Jetzt ist wieder die Alemannia mit ihren Geiern im Ansturm, dabei benutzen sie dressierte Klein-Tornados, welch eine köstliche Idee, mit denen sie die Bluthunde erbarmungslos in die Höhe heben und dann fallen lassen. Doch die Borussia gibt nicht auf. Sie kontert mit einer gesicherten Verteidigungsstellung; soweit ich das überblicke, buddeln sie nun 13, nein 14 Tellerminen in Strafraumhöhe ein, sperren den Elfmeterpunkt mit drei Selbstschußanlagen. Jaaaa, so verteidigt man sich geschickt gegen allzu ungestüme Angreifer. Der Torhüter Fritz Fangdenball hebt in rasender Geschwindigkeit im 5-Meter-Raum ein Schlammloch aus, göttlich, wenn er so einen Gegner eliminieren könnte — der Junge ist sein Geld wert.

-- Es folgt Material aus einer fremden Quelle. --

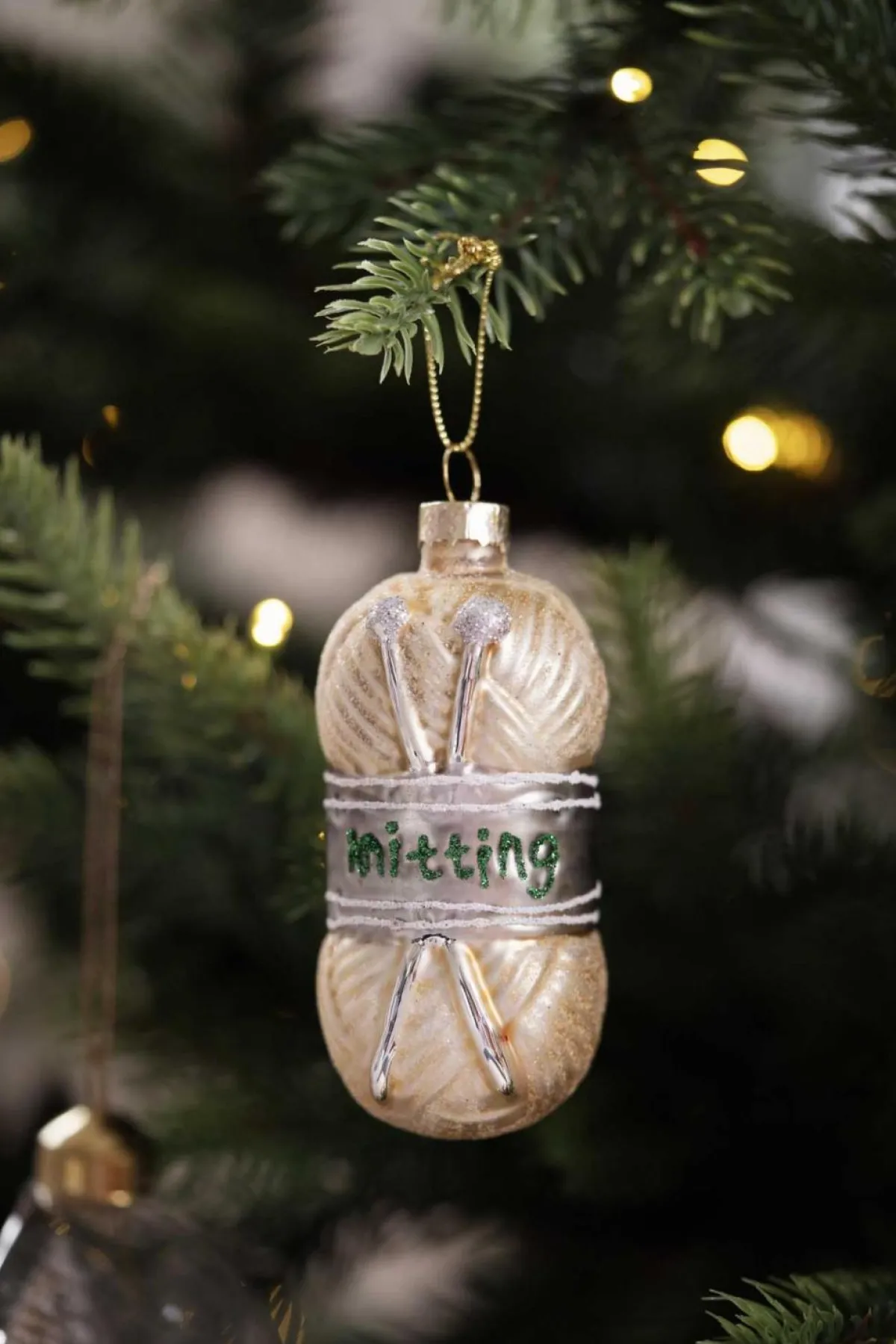 Morsom julekule formet som et garnnøste. Perfekt å gi bort som en oppmerksomhet til den i livet ditt som elsker å strikke. Eller så er dette din sjanse til å gjøre ditt eget juletre personlig.
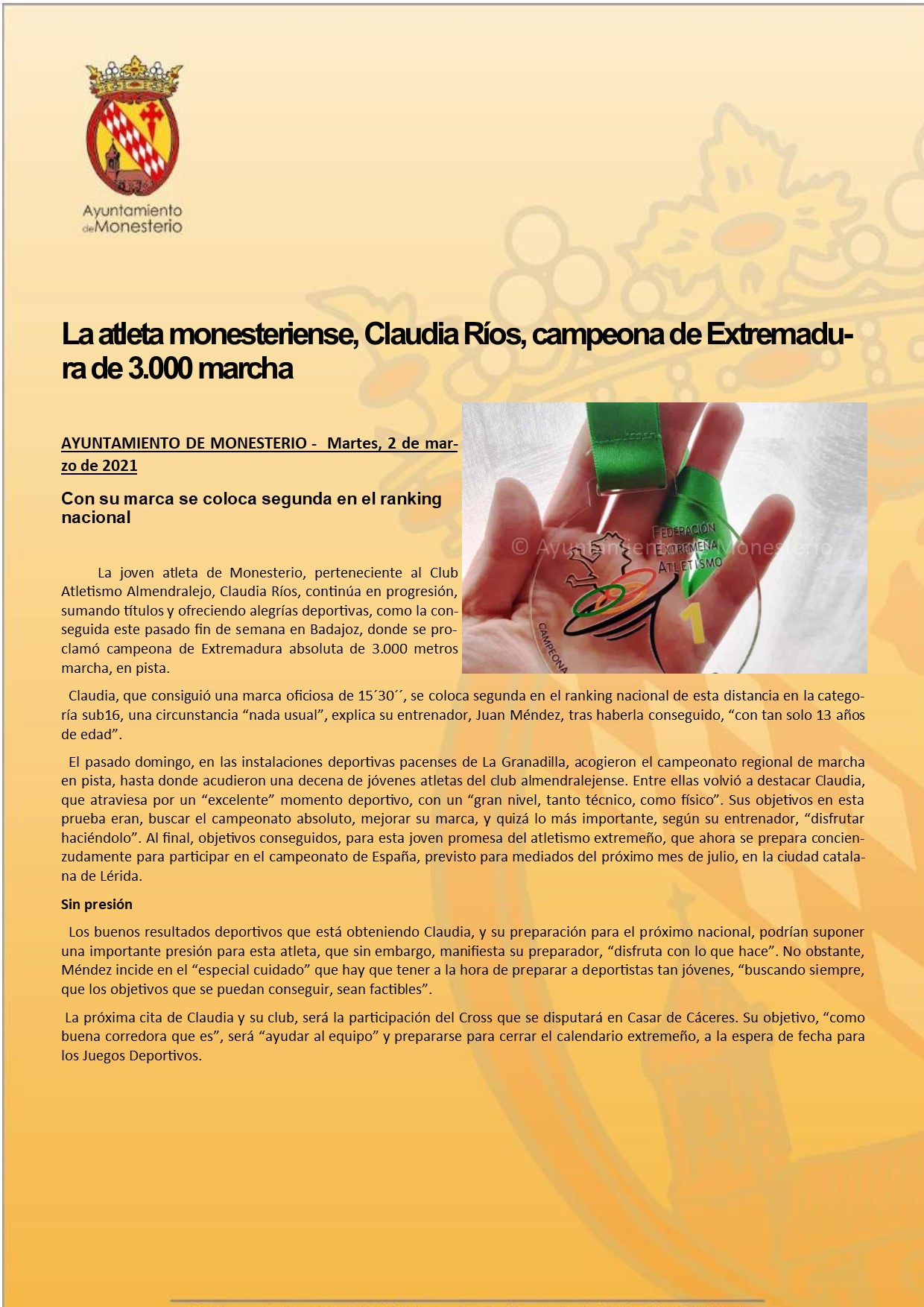 La atleta monesteriense, Claudia Ríos, campeona de Extremadura de 3.000 marcha

Doch Alemannia gibt nicht auf: Mit drei Antiterroreinheiten fegen sie über den Platz, alles überrollend, was sich in den Weg stellt. Lustig sieht es aus, wie sich einige der niedergewalzten Gegner vor Ärger brüllend im Gras wälzen, na, die vertragen aber auch gar nichts! Dem Schiedsrichter wird es jetzt allerdings zu bunt, er räumt das Spielfeld bis auf dreizehn Mann jeder Mannschaft, da werden wohl einige gemeckert haben, diese Hinausstellungen sind sonst nicht erklärbar.

Wir schreiben die 37. Spielminute. Sensationell, da läuft eine textilfreie Gruppe über den Platz und fordert auf Spruchbändern „Enthüllt das Geheimnis Aggression im Sport.” Liebe Zuhörer, auch dies wieder ein Beispiel, wie sinnlos junge Leute Worte aneinanderreihen, wie egoistisch hier die Stimmung von Tausenden von Menschen zerstört wird. Doch dieser Spuk ist schon vorbei, Alemannia stürmt mit Rudi Renner, er hinterläßt eine Spur von Schwer- und Leichtverletzten, er dringt in den Strafraum ein, geschickt alle explosiven Hindernisse umgehend, vermutlich schlecht getarnt, rast auf das unbesetzte Tor zu. Fangdenball hat sich bereits in die Pause begeben, hebt den Fuß, um eine Bombe, nein, eine Granate anzusetzen, doch nein, nein, der ausländische Pfeifenmann zerstört alle Hoffnungen — Pause.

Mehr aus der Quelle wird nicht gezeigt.